3 – As três toadas: Outra questão trazida aos participantes do Fórum foi as três toadas distintas da morna e já aceites pelos músicos nacionais. A saber: a toada da Boa Vista, a toada da Brava e a toada de S. Vicente.
O músico Eutrópio Lima da Cruz, que na minha modesta e quase ignorante opinião (apenas canto em casa, claro! mornas antigas) tem vindo num refinamento e numa sofisticação, percebe-se isso no canto do orfeão da Praia, a aproximar as mornas que executam a um tom de música considerada clássica. Explicou ele que a morna sofreu uma evolução notável. Terá feito uma espécie de “caminhada” musical, vindo de melopeia ou de melopeias, passando por várias fases e atingindo a fase de melodia dita clássica, tal como nós hoje, a conhecemos.

3-S. Vicente e os seus músicos: Humberto Bettencourt Santos, o nosso Humbertona, conhecido e apreciado violão, trouxe a questão da música desenvolvida em S. Vicente, destacando os grandes músicos de um tempo passado e falando sobre a influência da música brasileira na época (anos 40 e 50 do séc. XX) em Mindelo.
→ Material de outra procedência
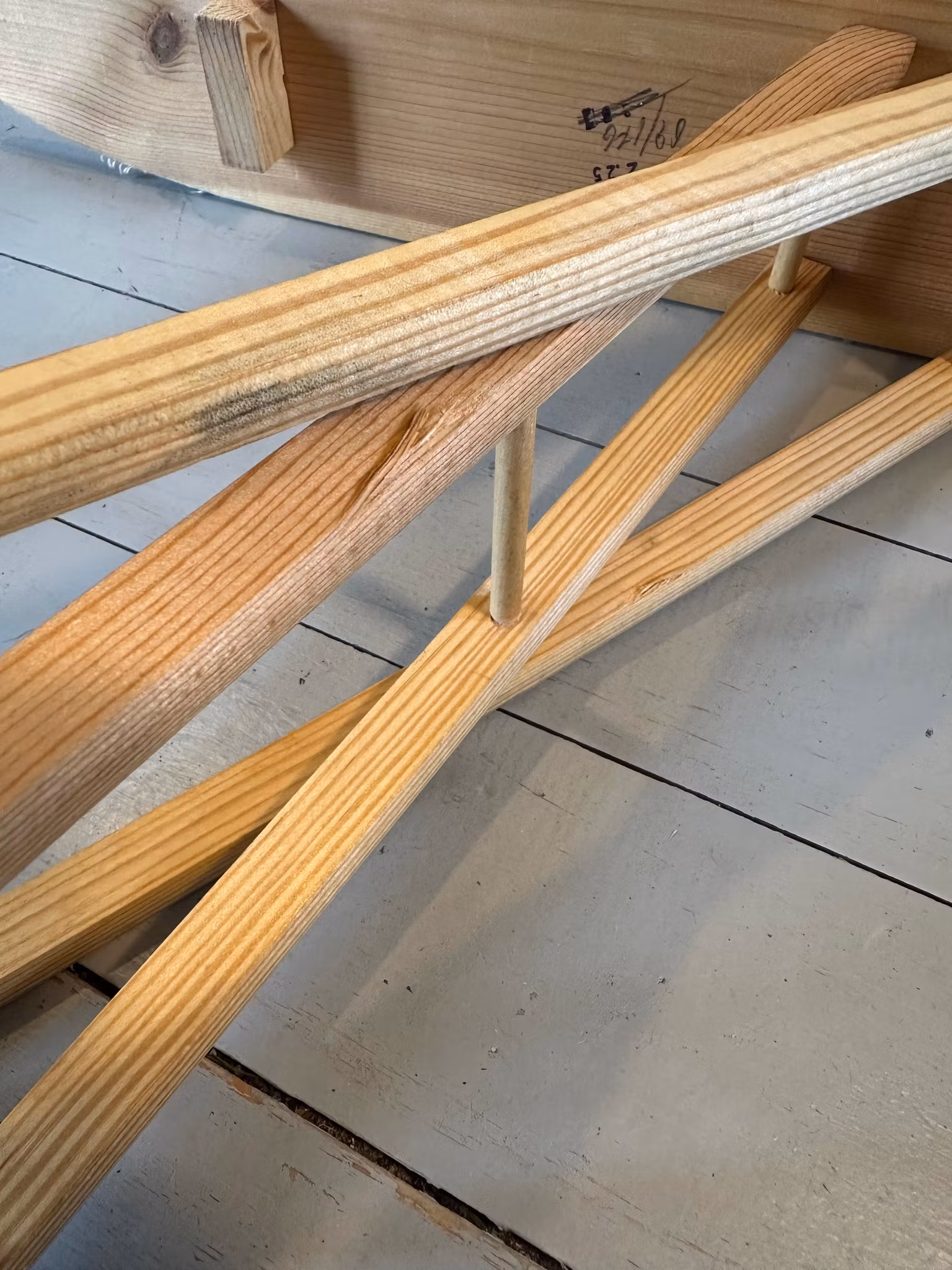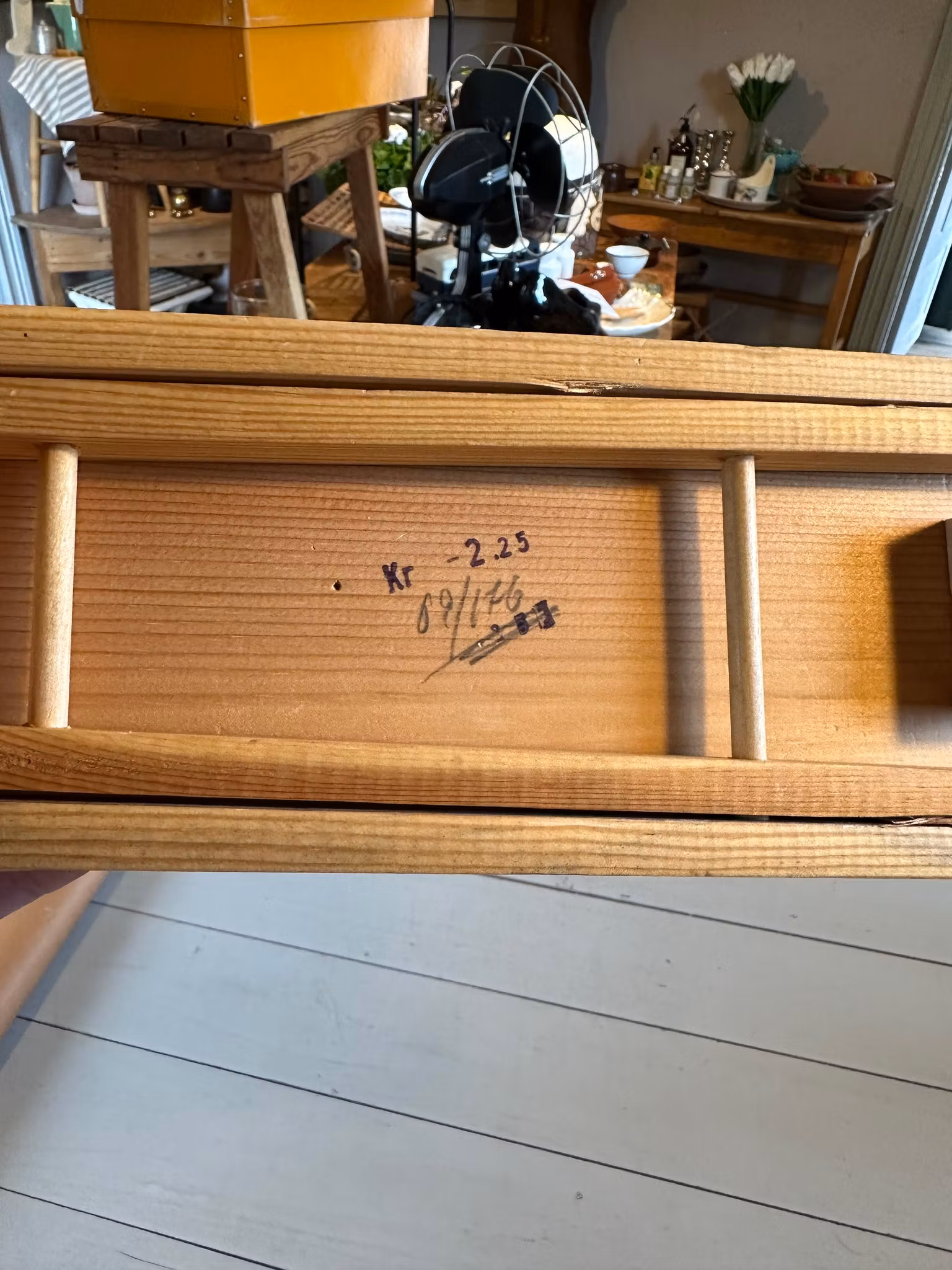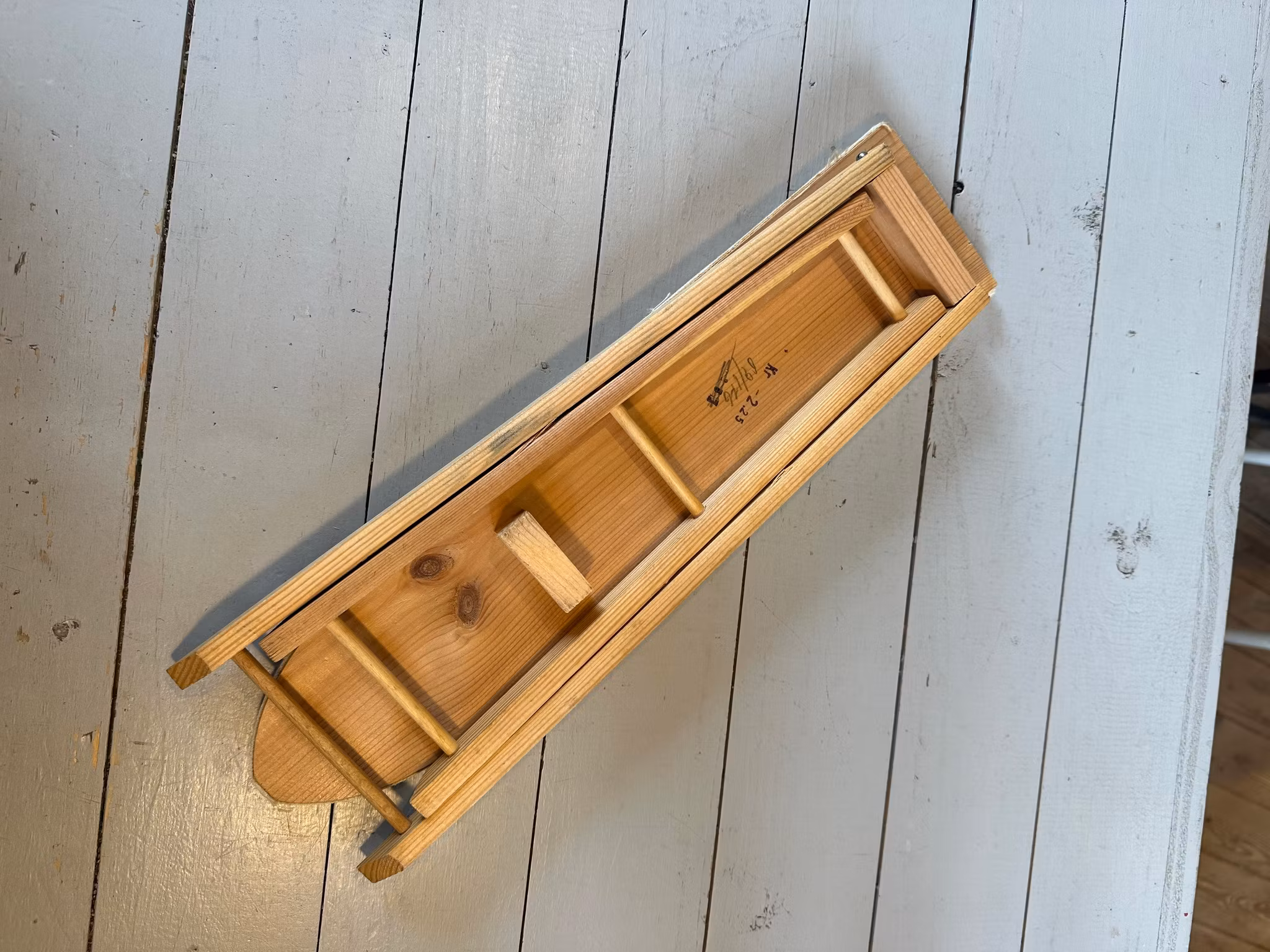I gott använt och åldrat skick. Spår av användning och ålder finns över hela. Se bilder för skick. Fläckar och slitage finns. Skav i träet då någon fällt ihop den fel någon gång, se bild.

Claro, que as referências ao incontornável B. Léza, não faltaram.
Sobre o caso particular do músico, Luiz Rendall, afirmou Humberto Santos que se ele é conhecido e se tornou mestre no violão, foi por causa dos seus célebres “choros” de violão muito ao compasso e numa linha de interpretação, ao estilo do “choro” brasileiro. Claro, com a adequação, a adaptação e a já originalidade, do grande violão que foi Luiz Rendall.

4 – Unanimidade: A unanimidade das intervenções recaiu na questão do grande “trabalho de casa” que terá de ser feito em Cabo Verde, para que a morna atinja o tão almejado reconhecimento. Todos, ou quase todos os intervenientes, lamentaram que as nossas rádios e televisões, passem ou transmitam muito pouco, a morna! Que a nova geração não tenha sido educada musicalmente no gosto pela morna! Quase que a não ouvem em solo nacional!
Enfim, foram apresentadas muitas e boas achegas à causa da morna para a sua candidatura a património imaterial da humanidade.